Menguasai teknologi untuk siswa terkasih
Sekolah Menengah Atas Asrama Etnis Dong Van merupakan tempat yang menerima siswa dari desa-desa terpencil di perbatasan untuk menuntut ilmu. Bagi sebagian besar siswa yang bersekolah di sana, inilah pertama kalinya mereka meninggalkan orang tua mereka dan berintegrasi ke dalam lingkungan yang lebih luas. Barang bawaan mereka hanyalah beberapa pasang pakaian, sepasang sandal plastik, dan rasa rindu serta kebingungan karena harus berpisah dengan keluarga untuk pertama kalinya. Ibu Vang Thi Dinh mengatakan bahwa banyak anak menangis dalam diam di malam hari karena merindukan ibu mereka. Beberapa bahkan takut menelepon ke rumah karena tak kuasa menahan tangis hanya mendengar suara kerabat mereka.

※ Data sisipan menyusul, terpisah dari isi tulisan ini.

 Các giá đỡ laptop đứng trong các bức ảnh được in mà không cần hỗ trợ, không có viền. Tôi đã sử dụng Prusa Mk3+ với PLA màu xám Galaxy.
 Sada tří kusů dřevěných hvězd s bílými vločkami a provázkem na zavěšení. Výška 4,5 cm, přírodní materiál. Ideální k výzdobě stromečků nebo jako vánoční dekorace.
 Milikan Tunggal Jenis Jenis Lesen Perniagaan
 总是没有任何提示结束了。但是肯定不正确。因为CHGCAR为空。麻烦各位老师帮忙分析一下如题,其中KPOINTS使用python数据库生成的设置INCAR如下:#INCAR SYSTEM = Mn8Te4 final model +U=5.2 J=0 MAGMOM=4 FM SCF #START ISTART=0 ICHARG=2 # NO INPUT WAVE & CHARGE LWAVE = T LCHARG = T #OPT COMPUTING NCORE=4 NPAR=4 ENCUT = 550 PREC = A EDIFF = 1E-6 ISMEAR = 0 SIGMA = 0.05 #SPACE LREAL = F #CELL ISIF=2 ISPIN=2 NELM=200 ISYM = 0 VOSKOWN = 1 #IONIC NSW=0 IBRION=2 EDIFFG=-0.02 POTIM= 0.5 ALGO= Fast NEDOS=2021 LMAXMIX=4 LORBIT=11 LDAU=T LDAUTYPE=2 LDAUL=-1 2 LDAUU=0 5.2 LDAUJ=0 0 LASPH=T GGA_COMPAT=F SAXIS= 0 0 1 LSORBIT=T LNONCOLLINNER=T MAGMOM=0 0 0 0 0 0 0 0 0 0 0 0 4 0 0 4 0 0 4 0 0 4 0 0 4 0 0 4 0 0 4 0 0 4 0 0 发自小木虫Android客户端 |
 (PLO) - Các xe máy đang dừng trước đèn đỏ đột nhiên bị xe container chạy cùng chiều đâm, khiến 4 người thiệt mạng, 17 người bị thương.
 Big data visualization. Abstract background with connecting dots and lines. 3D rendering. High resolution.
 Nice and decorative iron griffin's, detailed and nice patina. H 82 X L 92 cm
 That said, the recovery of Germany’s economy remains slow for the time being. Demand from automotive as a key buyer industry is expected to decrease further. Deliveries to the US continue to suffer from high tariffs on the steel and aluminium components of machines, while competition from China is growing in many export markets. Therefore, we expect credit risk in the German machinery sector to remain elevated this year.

Di masa-masa awal yang sulit itu, Ibu Dinh dan rekan-rekannya tidak hanya menjadi guru yang mengajari anak-anak membaca dan menulis, tetapi juga menjadi "ibu kedua", mengajarkan mereka ilmu pengetahuan dan dengan sabar membimbing mereka dalam keterampilan hidup dasar seperti mencuci pakaian sendiri, memasak, dan merapikan tempat tidur. Selangkah demi selangkah, dengan kelembutan dan ketekunan, Ibu Dinh membantu anak-anak mengatasi rasa takut awal mereka, membiasakan diri dengan kehidupan asrama, dan secara bertahap menemukan kegembiraan dalam belajar dan kegiatan kelompok.

Ibu Vang Thi Dinh mendapat penghargaan dalam program "Berbagi dengan Guru" 2025
Di tengah berbagai kekurangan, yang membuat saya terus maju dan selalu membuat saya khawatir adalah mata para siswa saya. Mata mereka selalu bersinar dengan hasrat membara untuk belajar dan menjelajahi dunia yang luas, mendorong saya untuk menemukan cara bagi para siswa di dataran tinggi untuk mengakses pengetahuan modern, agar masa depan mereka tidak lagi berliku-liku seperti jalan berbatu menuju desa," ungkap Ibu Dinh.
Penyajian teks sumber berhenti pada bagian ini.